Puritan Board Senior
Richard,

This issue can very easily be solved in a systematic-theological manner without appealing to the nuanced meanings of "grace" in various passages. Even though I believe that God intends well-being for the elect only (i.e., even though I believe that all grace is grace towards the elect), it is still proper for me to speak of "grace" or "graces" that God imparts to reprobates -- so long as these "graces" are referring to gifts irrespective of God's intentions. It's when the term "grace" is used equivocally that problems arise in the dispute, for example when someone says that God could not sustain the existence of a sinner who deserves hell immediately except by grace, and then that person says therefore that God intends good for the creature using a second definition of "grace." I believe in "common grace" if by that you mean God imparts gifts to the reprobates; I deny it vehemently if by that you mean God desires their well-being as a result of this gift. The former is shown by many Scriptures you have provided; the latter is not.

If I am not mistaken the structure of this debate is exactly the same as a section of the Clark/Van Til debate: Clark's point was that the well-meant offer logically contradicts other parts of the Reformed faith (and therefore it's foolish to presume that we can find such prooftexts in Scripture), whereas Van Til's point was that he thought it was taught in various texts (and therefore it's foolish to presume that we can deny it by our "human logic"; it's just an "apparent contradiction").

Therefore, Richard, if you can combat the logical difficulties that have been shown in your position, and if you can show that the Bible speaks of God's gracious intentions towards reprobates (since that is what the Kuyperian doctrine of common grace is) rather than His gifts towards them, then you will have succeeded in establishing that common grace is Biblical.
 

Nomad

Puritan Board Freshman
I believe in "common grace" if by that you mean God imparts gifts to the reprobates; I deny it vehemently if by that you mean God desires their well-being as a result of this gift.

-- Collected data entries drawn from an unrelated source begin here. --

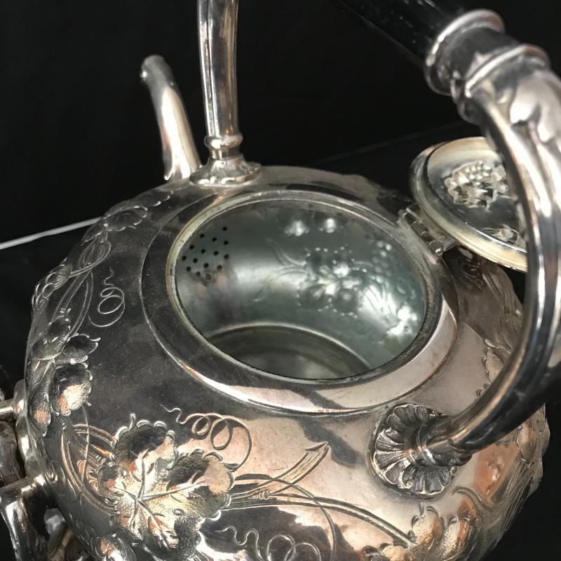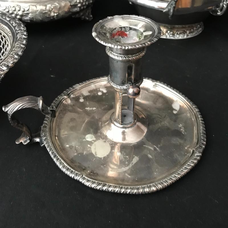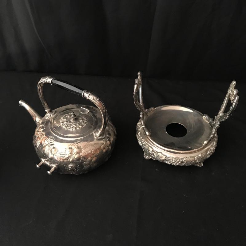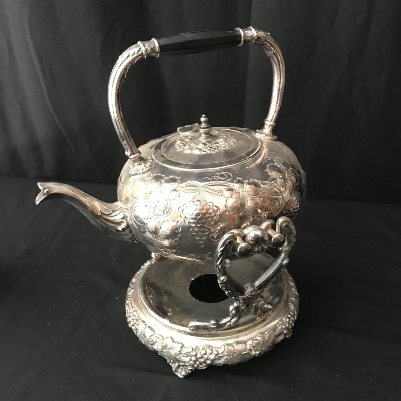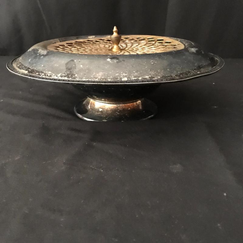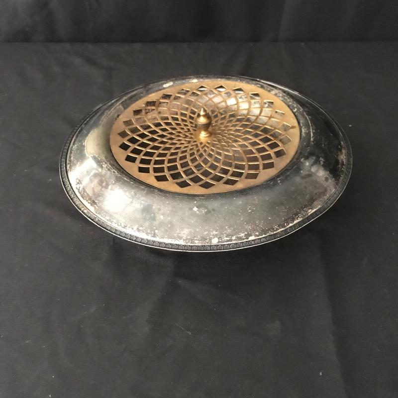 Lot full of ornate silverplated serving pieces, see photos. Elegant clam serving piece is a definite conversation starter. Knife pictured to display piece’s potential, not included. Chippendale piece is silver with a brass removable top to make the perfect flower arrangement. Teapot with base for sterno measures approx. 12.5x10.5”. Shipping available, please call UPS for a quote prior to bidding.
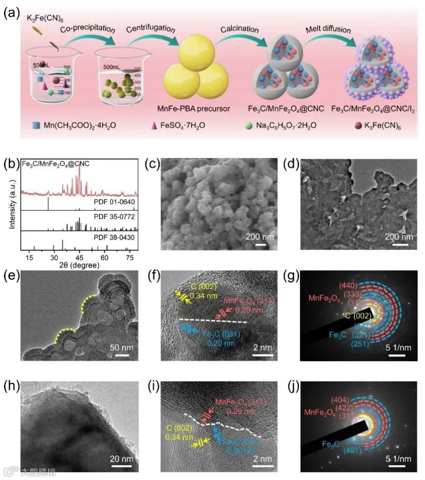 图1 (a)Fe3C/MnFe2O4@CNC/I2合成过程的示意图。Fe3C/MnFe2O4@CNC的(b)XRD 图谱,(c)SEM 图像,(d、e)TEM 图像,(f)HRTEM 图像以及(g)SAED 图像。Fe3C/MnFe2O4@CNC的(h)TEM 图像,(i)HRTEM 图像以及(j)SAED 图像。
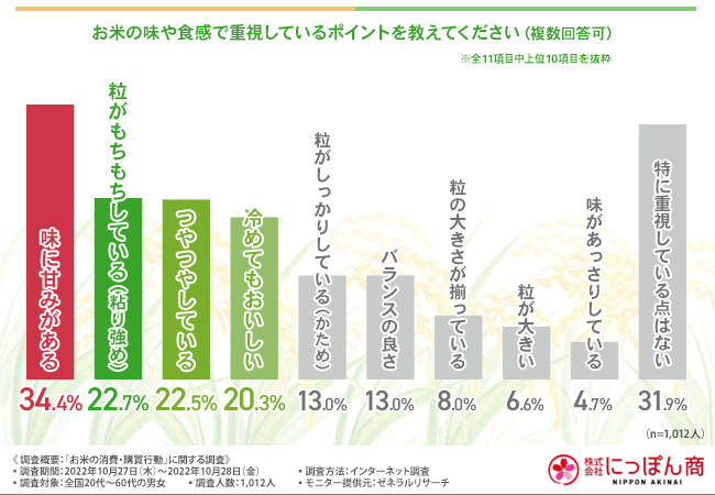 そこで、「お⽶の味や⾷感で重視しているポイントを教えてください(複数回答可)」と質問したところ、『味に⽢みがある(34.4%)』と回答した⽅が最も多く、次いで『特に重視している点はない(31.9%))』『粒がもちもちしてい る(粘り強め)(22.7%)』『つやつやしている(22.5%)』『冷めてもおいしい(20.3%)』と続きました。
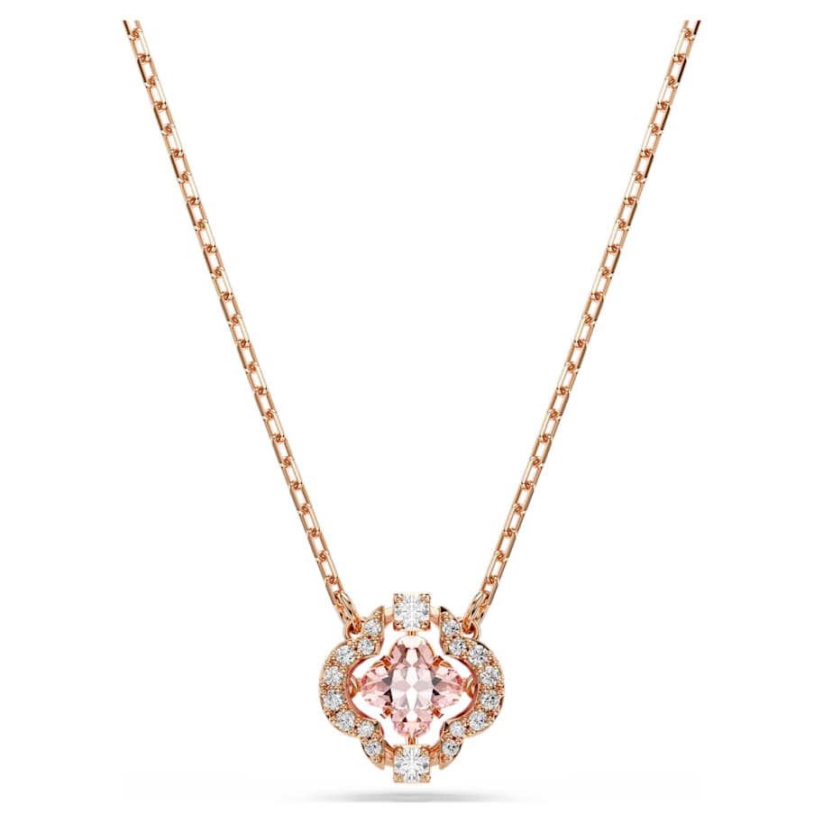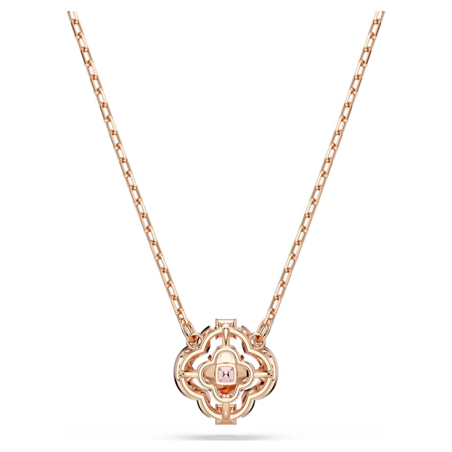 This Una necklace sparkles with a charming floral design. From our much-loved Sparkling Dance collection, it features a pink dancing stone in the shape of a clover, which appears to float inside its setting and is complemented by the rose-gold tone plated chain. This piece of jewelry will pair well with casual outfits and is a great gift for a special someone.

That's a great observation, and a distinction that should help us avoid talking past each other. :up:
 

Spinningplates2

Puritan Board Freshman
Brothers, before we all look too hard for what God hates, (too late?)

We need to remember that God, our God has described himself as LOVE. Some of these posts including the origanal post seem to forget that if not for Grace, God would hate us too.

I think Calvin said somewhere Election is to great a thing to think about all the time because it could drive a mortal mad. Instead Calvin wrote verse by verse about what was clear and what is clear is that He loves the unworthy. Probably because that is His nature.
 

Peairtach

Puritan Board Doctor
Well, I doubt I can do any better than Van Til!

But there is the point that they are called graces in Scripture, whether we're talking about the elect or not. They're not called operations of God's despite, hatred, loathing and contempt in the case of the reprobate.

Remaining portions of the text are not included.